Records from a data source

──────

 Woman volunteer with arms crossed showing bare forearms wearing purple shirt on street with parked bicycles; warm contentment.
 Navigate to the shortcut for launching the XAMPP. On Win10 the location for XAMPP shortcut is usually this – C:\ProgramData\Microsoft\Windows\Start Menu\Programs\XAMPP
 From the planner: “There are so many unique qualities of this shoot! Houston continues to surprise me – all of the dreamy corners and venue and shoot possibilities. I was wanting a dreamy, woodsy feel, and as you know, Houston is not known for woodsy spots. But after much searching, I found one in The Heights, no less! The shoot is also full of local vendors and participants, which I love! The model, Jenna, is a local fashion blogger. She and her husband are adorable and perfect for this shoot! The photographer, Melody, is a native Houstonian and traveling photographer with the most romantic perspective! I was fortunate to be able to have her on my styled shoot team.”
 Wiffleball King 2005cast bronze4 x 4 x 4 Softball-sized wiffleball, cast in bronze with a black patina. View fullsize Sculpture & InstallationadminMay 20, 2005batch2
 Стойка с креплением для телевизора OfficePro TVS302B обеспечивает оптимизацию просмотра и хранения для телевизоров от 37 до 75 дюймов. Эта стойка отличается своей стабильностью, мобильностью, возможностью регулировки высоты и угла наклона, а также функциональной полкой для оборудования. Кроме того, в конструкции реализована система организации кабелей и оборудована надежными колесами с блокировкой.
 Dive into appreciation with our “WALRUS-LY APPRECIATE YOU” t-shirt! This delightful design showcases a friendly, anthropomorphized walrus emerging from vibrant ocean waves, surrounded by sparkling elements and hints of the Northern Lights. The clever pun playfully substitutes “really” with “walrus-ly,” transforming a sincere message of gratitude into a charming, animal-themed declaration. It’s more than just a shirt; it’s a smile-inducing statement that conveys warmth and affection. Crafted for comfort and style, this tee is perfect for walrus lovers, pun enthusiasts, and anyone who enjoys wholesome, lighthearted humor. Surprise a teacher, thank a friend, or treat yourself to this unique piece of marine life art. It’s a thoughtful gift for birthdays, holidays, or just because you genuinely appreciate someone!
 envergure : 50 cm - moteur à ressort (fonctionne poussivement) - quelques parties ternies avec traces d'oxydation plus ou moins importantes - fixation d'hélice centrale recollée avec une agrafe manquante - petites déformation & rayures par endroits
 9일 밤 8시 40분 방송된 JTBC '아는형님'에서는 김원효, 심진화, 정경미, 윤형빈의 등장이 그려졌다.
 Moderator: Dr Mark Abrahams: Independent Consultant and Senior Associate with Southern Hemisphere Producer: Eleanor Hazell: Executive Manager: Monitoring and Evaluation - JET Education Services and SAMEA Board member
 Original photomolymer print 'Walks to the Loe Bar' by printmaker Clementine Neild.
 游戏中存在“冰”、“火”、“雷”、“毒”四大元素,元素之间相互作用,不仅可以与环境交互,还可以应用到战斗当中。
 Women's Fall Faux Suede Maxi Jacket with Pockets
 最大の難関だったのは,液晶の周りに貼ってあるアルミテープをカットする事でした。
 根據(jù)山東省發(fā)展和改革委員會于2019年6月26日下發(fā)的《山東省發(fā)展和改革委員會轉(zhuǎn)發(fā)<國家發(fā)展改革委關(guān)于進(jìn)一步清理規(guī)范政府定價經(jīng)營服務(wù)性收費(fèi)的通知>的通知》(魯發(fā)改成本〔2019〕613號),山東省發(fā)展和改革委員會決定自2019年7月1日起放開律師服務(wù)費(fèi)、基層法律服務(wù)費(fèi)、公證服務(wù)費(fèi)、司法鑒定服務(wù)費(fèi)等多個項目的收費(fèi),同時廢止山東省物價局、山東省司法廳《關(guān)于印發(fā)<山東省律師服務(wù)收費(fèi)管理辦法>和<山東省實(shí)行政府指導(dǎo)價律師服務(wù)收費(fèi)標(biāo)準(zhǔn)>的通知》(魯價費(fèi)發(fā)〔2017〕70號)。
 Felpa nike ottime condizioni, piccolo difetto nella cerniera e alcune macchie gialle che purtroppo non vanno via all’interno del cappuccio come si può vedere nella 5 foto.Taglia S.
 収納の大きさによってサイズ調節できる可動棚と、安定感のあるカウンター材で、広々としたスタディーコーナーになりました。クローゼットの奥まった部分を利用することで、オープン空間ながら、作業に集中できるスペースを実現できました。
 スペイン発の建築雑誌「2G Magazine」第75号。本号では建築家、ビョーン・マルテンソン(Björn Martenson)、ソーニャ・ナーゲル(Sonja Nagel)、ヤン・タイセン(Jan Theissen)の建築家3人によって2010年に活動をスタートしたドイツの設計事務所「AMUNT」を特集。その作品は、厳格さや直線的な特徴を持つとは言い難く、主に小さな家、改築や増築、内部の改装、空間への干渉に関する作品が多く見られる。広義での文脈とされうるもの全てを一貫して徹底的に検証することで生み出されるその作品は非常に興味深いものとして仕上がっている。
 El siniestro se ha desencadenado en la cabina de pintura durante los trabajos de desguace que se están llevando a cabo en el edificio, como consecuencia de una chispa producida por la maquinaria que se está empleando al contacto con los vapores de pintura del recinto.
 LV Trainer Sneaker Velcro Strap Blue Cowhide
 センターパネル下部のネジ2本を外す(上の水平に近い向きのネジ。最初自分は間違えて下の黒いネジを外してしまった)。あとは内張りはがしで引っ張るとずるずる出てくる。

──────

### Exercise
Your answer should be a number only: the count of lines above in which the string "shirt" appears.

### Result for this exercise
2